Ask HN: Self-study of basic accounting principles? - tokenadult

I did the expected HN search before asking. I'm wondering what recommendations you business owners have for learning enough about accounting principles for a business to maintain the business accounts during the initial growth phase and to understand what the professionals (accountants, lawyers, bankers) advise about business financial decisions. I'm very willing to do hard work in materials that have lots of exercises and problems, but we (co-founders and I) have very little accounting or even bookkeeping background. Are there online courses in accounting? What books are good about small business accounting? What other resources do you recommend? What software tools for actually keeping the books work well?
======
bigohms
Must read for finance: [http://www.amazon.com/Finance-Managers-Harvard-
Business-Esse...](http://www.amazon.com/Finance-Managers-Harvard-Business-
Essentials/dp/1578518768/ref=sr_1_3?ie=UTF8&qid=1318341646&sr=8-3)

Business accounting: [http://www.amazon.com/Frank-Woods-Business-
Accounting-v/dp/0...](http://www.amazon.com/Frank-Woods-Business-
Accounting-v/dp/0273712128/ref=sr_1_2?ie=UTF8&qid=1318341690&sr=8-2)

------
tokenadult
There does seem to be an online course in principles of accounting

[http://www.aleks.com/about_aleks/course_products?cmscache=de...](http://www.aleks.com/about_aleks/course_products?cmscache=detailed&detailed=gbusiness11_poacs#gbusiness11_poacs)

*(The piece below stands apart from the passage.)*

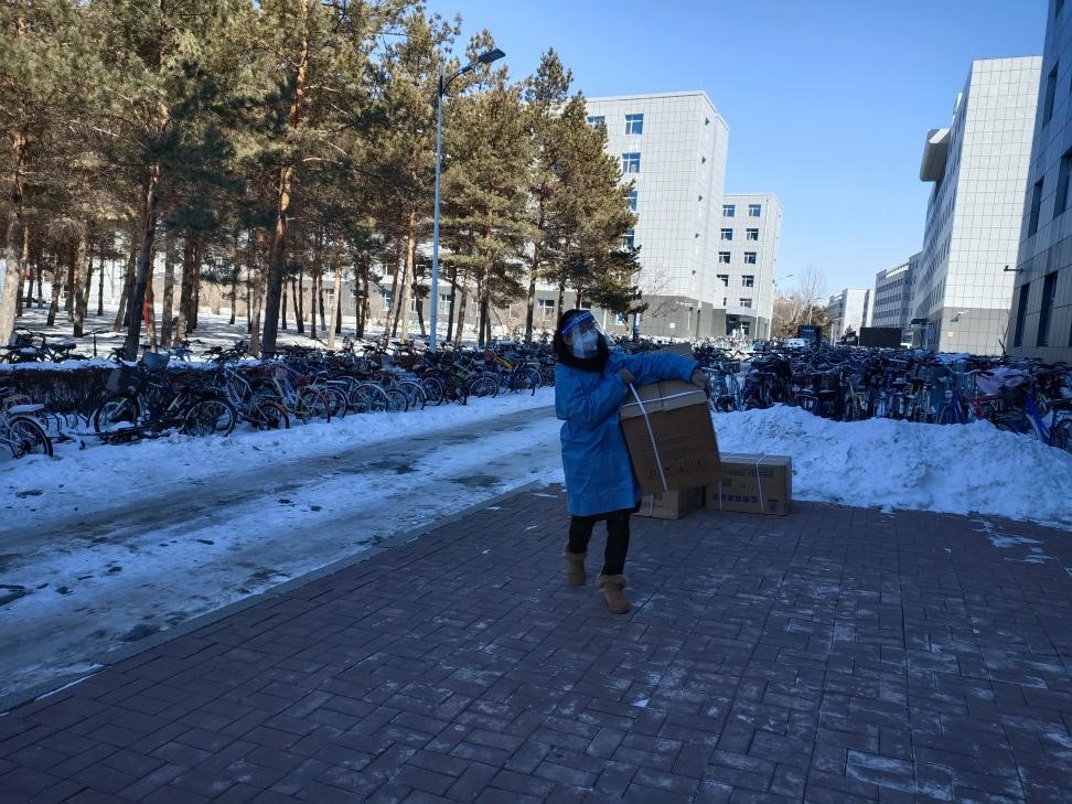 于晴老师负责北苑三公寓3700名学生的早中晚三餐、防疫物资、水、试剂盒以及学生购买的生活用品的发放;同时也负责全楼核酸试剂盒检测结果的统计以及巡楼工作。除此之外,于晴老师也会随时和各位同学与学院负责人沟通沟通,确保大家身心健康,保证事情能够及时传达给各位同学。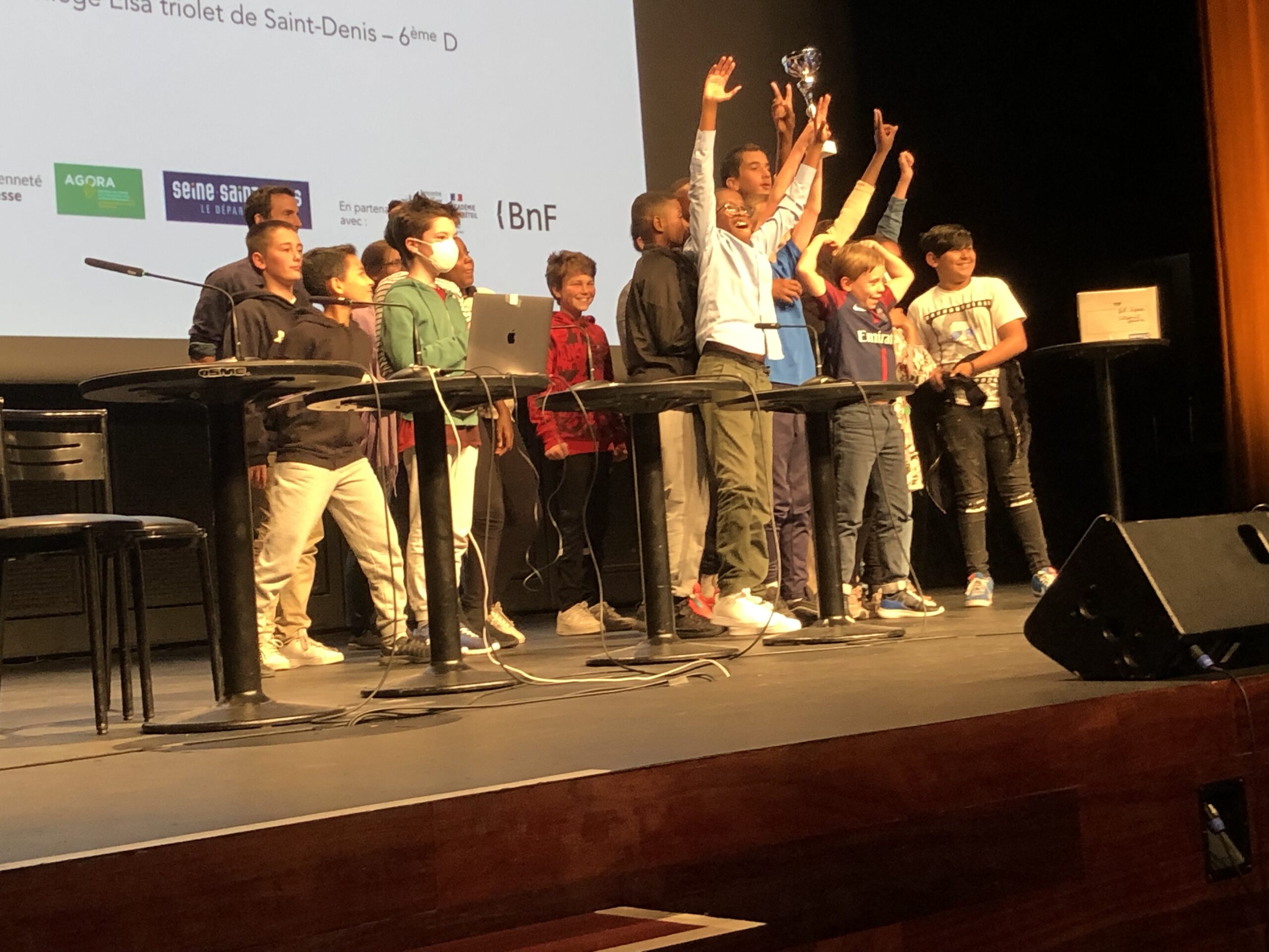 En juin 2024, les jeunes collégiens étaient réuni sur la scène de la BnF (Bibliothèque Nationale de France) pour présenter leurs productions journalistiques.

that looks reasonably inexpensive and thorough, but I don't know how well the
online exercises will translate to planning a new accounting system for our
business(es).

------
mjs00
A service like QuickBooks Online (<http://quickbooksonline.intuit.com/>)
combined with a part-time/hourly bookkeeper (a few hours a month) who has
experience in technology startups might be your best bet, then you can focus
on products and customers.